## Records from a data source
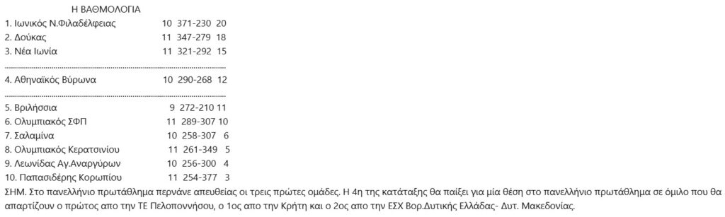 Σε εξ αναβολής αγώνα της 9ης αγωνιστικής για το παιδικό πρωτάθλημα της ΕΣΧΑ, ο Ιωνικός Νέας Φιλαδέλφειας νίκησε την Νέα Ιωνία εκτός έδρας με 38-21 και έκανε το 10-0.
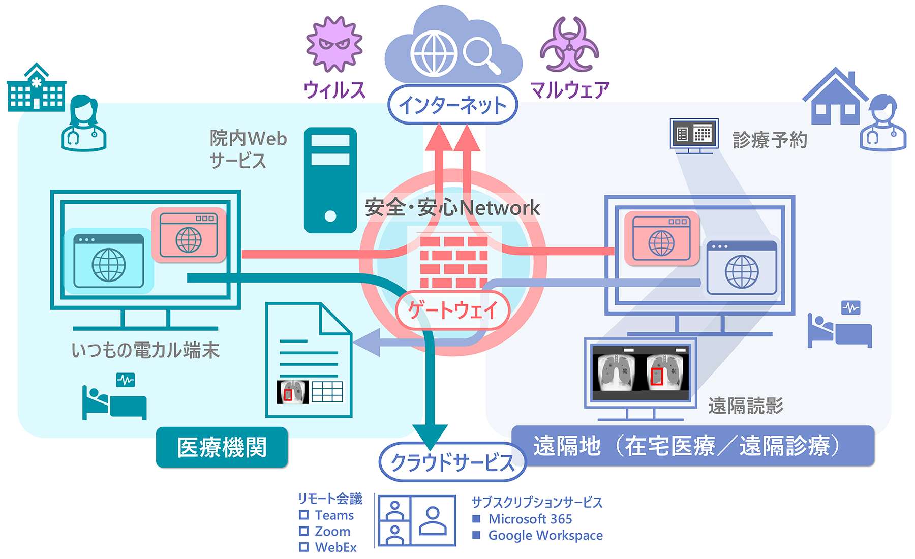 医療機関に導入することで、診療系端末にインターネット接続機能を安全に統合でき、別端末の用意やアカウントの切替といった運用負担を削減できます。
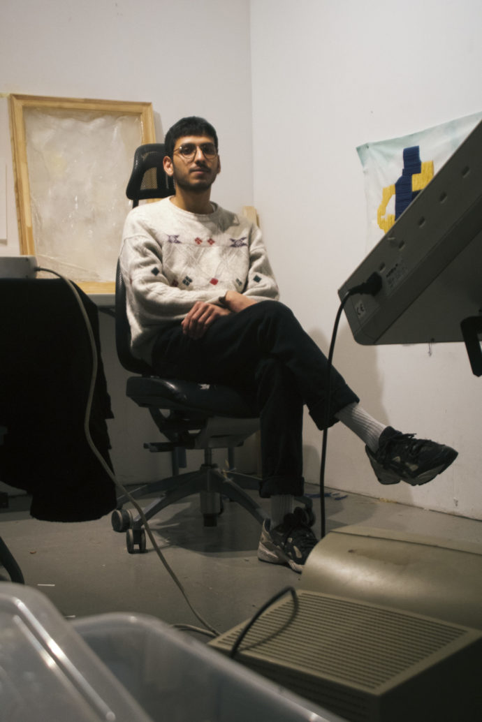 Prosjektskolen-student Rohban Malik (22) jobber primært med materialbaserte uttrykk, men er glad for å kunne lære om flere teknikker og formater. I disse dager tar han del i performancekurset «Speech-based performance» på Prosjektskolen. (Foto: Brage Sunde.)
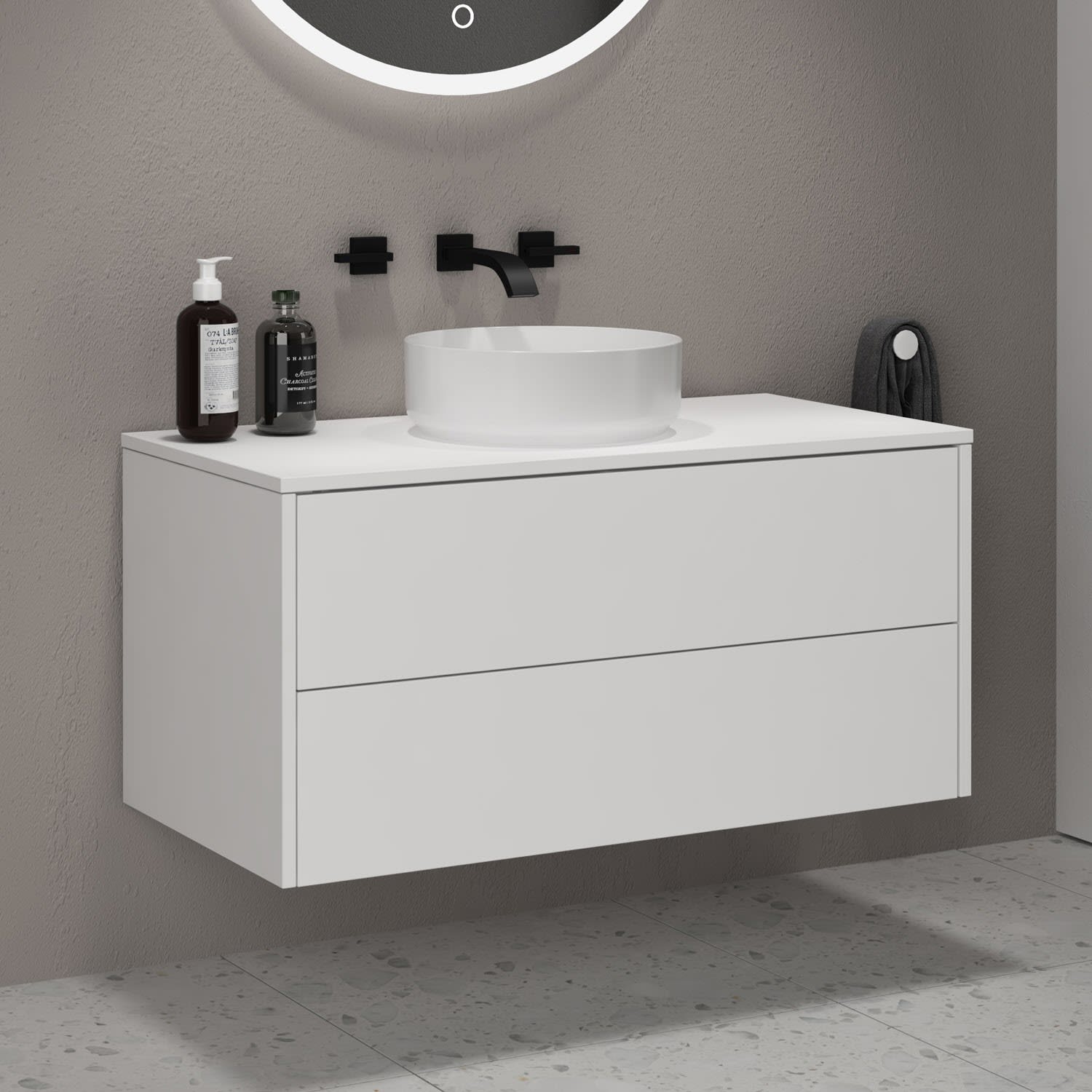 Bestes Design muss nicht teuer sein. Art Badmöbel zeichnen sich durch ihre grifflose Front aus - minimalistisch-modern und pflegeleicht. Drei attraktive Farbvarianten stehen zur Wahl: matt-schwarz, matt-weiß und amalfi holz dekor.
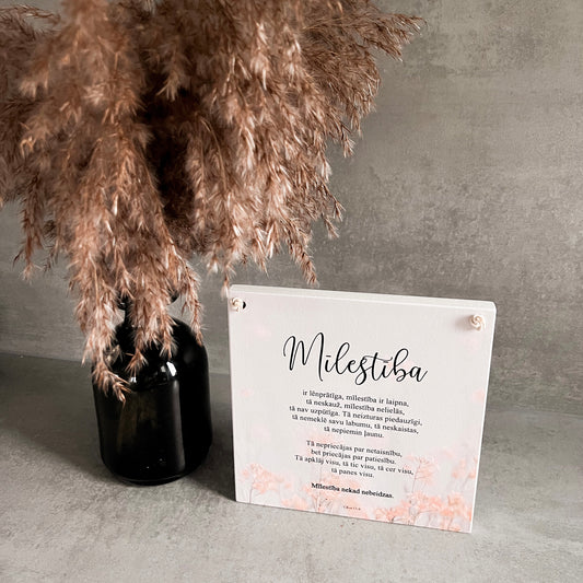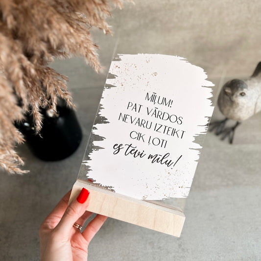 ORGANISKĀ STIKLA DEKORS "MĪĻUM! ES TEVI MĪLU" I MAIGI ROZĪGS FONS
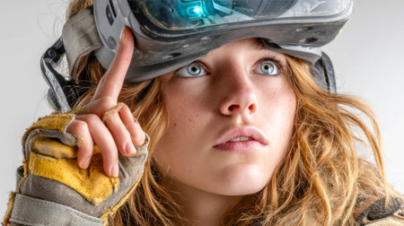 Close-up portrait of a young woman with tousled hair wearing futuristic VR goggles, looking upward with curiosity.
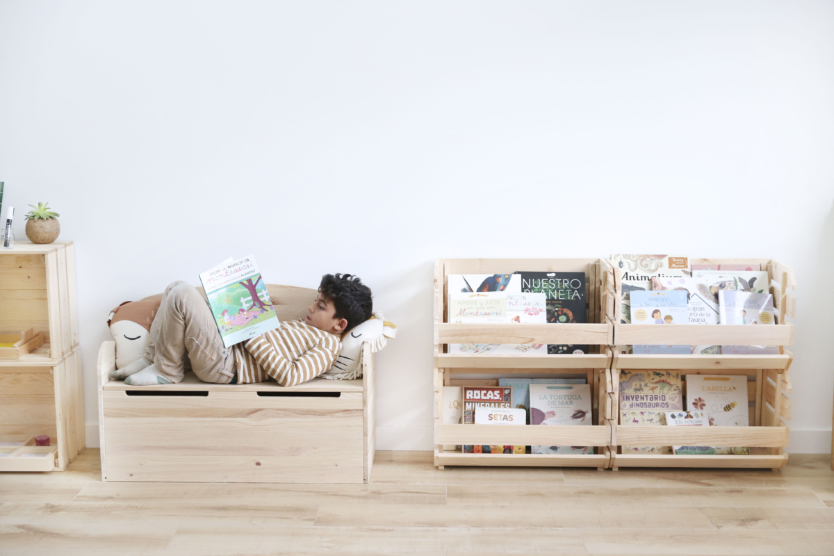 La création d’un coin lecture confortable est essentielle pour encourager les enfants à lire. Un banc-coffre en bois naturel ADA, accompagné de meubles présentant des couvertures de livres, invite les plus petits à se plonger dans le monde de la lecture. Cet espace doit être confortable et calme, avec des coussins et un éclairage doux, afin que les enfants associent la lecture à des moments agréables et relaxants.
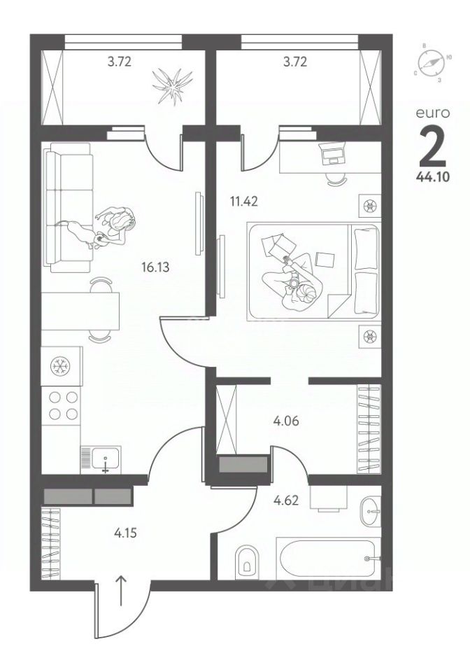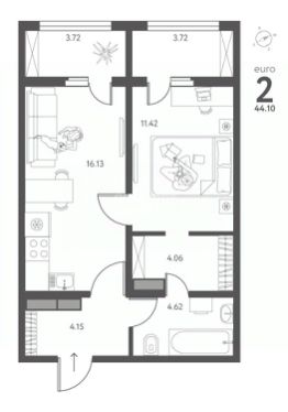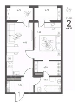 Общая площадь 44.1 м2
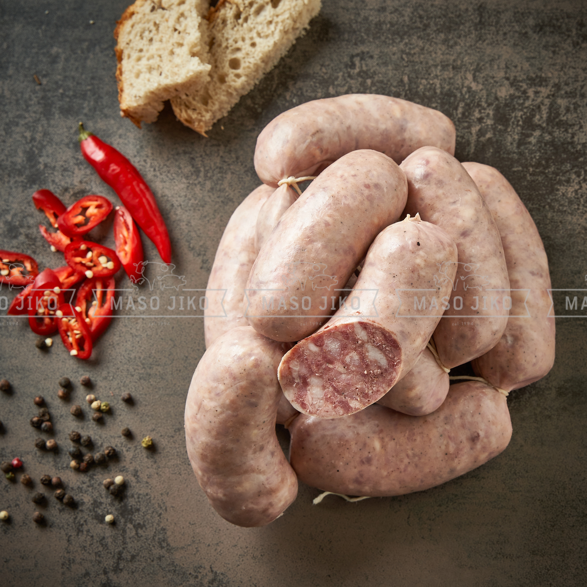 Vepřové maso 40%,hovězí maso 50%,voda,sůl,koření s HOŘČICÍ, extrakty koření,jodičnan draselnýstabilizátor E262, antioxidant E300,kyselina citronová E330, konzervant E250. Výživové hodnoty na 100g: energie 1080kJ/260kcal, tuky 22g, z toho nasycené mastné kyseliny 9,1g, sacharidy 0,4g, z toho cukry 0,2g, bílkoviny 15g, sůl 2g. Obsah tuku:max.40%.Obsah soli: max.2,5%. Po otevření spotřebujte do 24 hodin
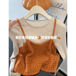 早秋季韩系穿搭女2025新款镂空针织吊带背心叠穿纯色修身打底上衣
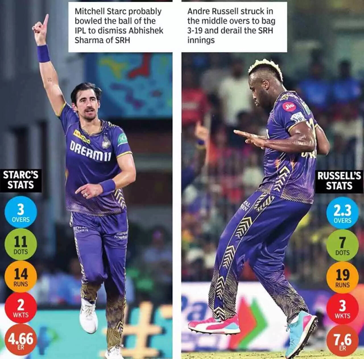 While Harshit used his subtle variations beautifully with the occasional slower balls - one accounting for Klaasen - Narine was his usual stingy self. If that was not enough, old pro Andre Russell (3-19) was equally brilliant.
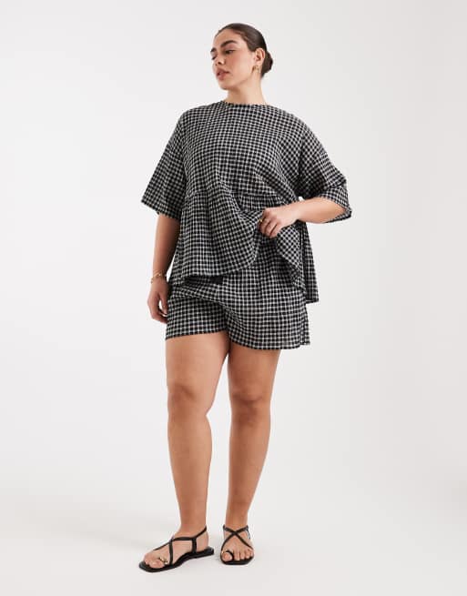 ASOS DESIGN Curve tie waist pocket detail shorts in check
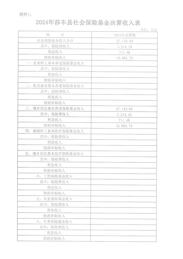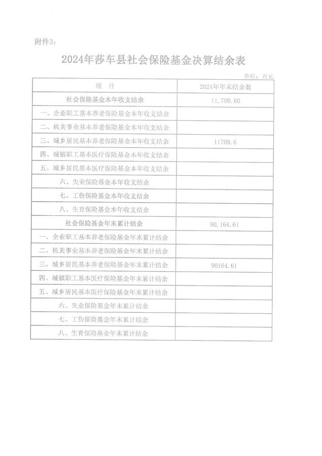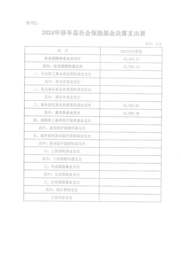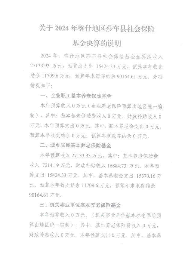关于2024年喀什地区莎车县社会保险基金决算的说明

## PROBLEM
What you return must match the data above exactly, with no images included.

## ANSWER FOR THIS EXERCISE
 Σε εξ αναβολής αγώνα της 9ης αγωνιστικής για το παιδικό πρωτάθλημα της ΕΣΧΑ, ο Ιωνικός Νέας Φιλαδέλφειας νίκησε την Νέα Ιωνία εκτός έδρας με 38-21 και έκανε το 10-0.
 医療機関に導入することで、診療系端末にインターネット接続機能を安全に統合でき、別端末の用意やアカウントの切替といった運用負担を削減できます。
 Prosjektskolen-student Rohban Malik (22) jobber primært med materialbaserte uttrykk, men er glad for å kunne lære om flere teknikker og formater. I disse dager tar han del i performancekurset «Speech-based performance» på Prosjektskolen. (Foto: Brage Sunde.)
 Bestes Design muss nicht teuer sein. Art Badmöbel zeichnen sich durch ihre grifflose Front aus - minimalistisch-modern und pflegeleicht. Drei attraktive Farbvarianten stehen zur Wahl: matt-schwarz, matt-weiß und amalfi holz dekor.
 ORGANISKĀ STIKLA DEKORS "MĪĻUM! ES TEVI MĪLU" I MAIGI ROZĪGS FONS
 Close-up portrait of a young woman with tousled hair wearing futuristic VR goggles, looking upward with curiosity.
 La création d’un coin lecture confortable est essentielle pour encourager les enfants à lire. Un banc-coffre en bois naturel ADA, accompagné de meubles présentant des couvertures de livres, invite les plus petits à se plonger dans le monde de la lecture. Cet espace doit être confortable et calme, avec des coussins et un éclairage doux, afin que les enfants associent la lecture à des moments agréables et relaxants.
 Общая площадь 44.1 м2
 Vepřové maso 40%,hovězí maso 50%,voda,sůl,koření s HOŘČICÍ, extrakty koření,jodičnan draselnýstabilizátor E262, antioxidant E300,kyselina citronová E330, konzervant E250. Výživové hodnoty na 100g: energie 1080kJ/260kcal, tuky 22g, z toho nasycené mastné kyseliny 9,1g, sacharidy 0,4g, z toho cukry 0,2g, bílkoviny 15g, sůl 2g. Obsah tuku:max.40%.Obsah soli: max.2,5%. Po otevření spotřebujte do 24 hodin
 早秋季韩系穿搭女2025新款镂空针织吊带背心叠穿纯色修身打底上衣
 While Harshit used his subtle variations beautifully with the occasional slower balls - one accounting for Klaasen - Narine was his usual stingy self. If that was not enough, old pro Andre Russell (3-19) was equally brilliant.
 ASOS DESIGN Curve tie waist pocket detail shorts in check
关于2024年喀什地区莎车县社会保险基金决算的说明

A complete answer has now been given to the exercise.